With the pictures removed, the data below must be transcribed in full and exactly.

#### [Provided material]
»»

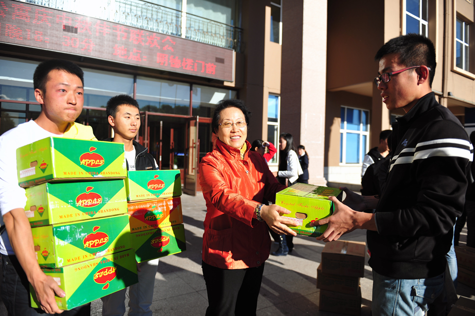 本网讯(记者 王佳)在中秋佳节来临之际,为了让来自全国四面八方的莘莘学子在祥和愉悦的节日氛围中欢度佳节,感受到家的温暖,学校为每一位学生发放中秋节礼物——月饼和苹果,学校党委副书记杨宏亲自为学生送上中秋节日的祝福。
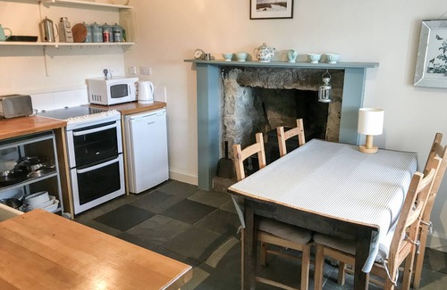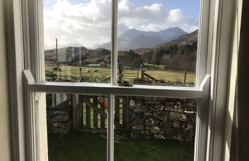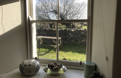 Amenities: Electric heating with open fire and multi-fuel stove. Electric oven and hob, microwave, fridge, dishwasher, washer/dryer, TV with Freeview, WiFi, DVD, CD, selection of books, games and DVDs. Electric included in rent. Fuel for stove and fire available to purchase locally. Bed linen and towels. inc in rent. Travel cot and highchair available on request. Parking. Garden with picnic tables and benches. Maximum of one well-behaved pet welcome. Sorry, no smoking. Shop and pub 7 miles. Note: Sloping ceilings on first floor. Note: Dogs to be kept under control when outside. Sheep in the neighbouring fields. Note: The cottage has a private water supply, bottled drinking water will be supplied. Note: The house is accessed by a hard core (but not tarmac) track approximately 800 metres long. The track climbs up a hill and is a little steep in places
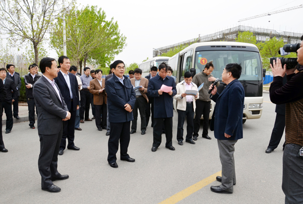 4月10日下午,沧州市委常委、渤海新区党工委书记、管委会主任丁绣峰带领新区党工委、管委会领导班子及区直部门、“一市三园”相关负责同志莅临我院,就校园二期工程建设情况进行观摩考察。我院执行院长王大勇,副院长兼副书记张长铎,副院长徐维祥,副书记孙文博及各相关单位负责人接待了观摩团的各位领导。

««

#### [Answer]
 本网讯(记者 王佳)在中秋佳节来临之际,为了让来自全国四面八方的莘莘学子在祥和愉悦的节日氛围中欢度佳节,感受到家的温暖,学校为每一位学生发放中秋节礼物——月饼和苹果,学校党委副书记杨宏亲自为学生送上中秋节日的祝福。
 Amenities: Electric heating with open fire and multi-fuel stove. Electric oven and hob, microwave, fridge, dishwasher, washer/dryer, TV with Freeview, WiFi, DVD, CD, selection of books, games and DVDs. Electric included in rent. Fuel for stove and fire available to purchase locally. Bed linen and towels. inc in rent. Travel cot and highchair available on request. Parking. Garden with picnic tables and benches. Maximum of one well-behaved pet welcome. Sorry, no smoking. Shop and pub 7 miles. Note: Sloping ceilings on first floor. Note: Dogs to be kept under control when outside. Sheep in the neighbouring fields. Note: The cottage has a private water supply, bottled drinking water will be supplied. Note: The house is accessed by a hard core (but not tarmac) track approximately 800 metres long. The track climbs up a hill and is a little steep in places
 4月10日下午,沧州市委常委、渤海新区党工委书记、管委会主任丁绣峰带领新区党工委、管委会领导班子及区直部门、“一市三园”相关负责同志莅临我院,就校园二期工程建设情况进行观摩考察。我院执行院长王大勇,副院长兼副书记张长铎,副院长徐维祥,副书记孙文博及各相关单位负责人接待了观摩团的各位领导。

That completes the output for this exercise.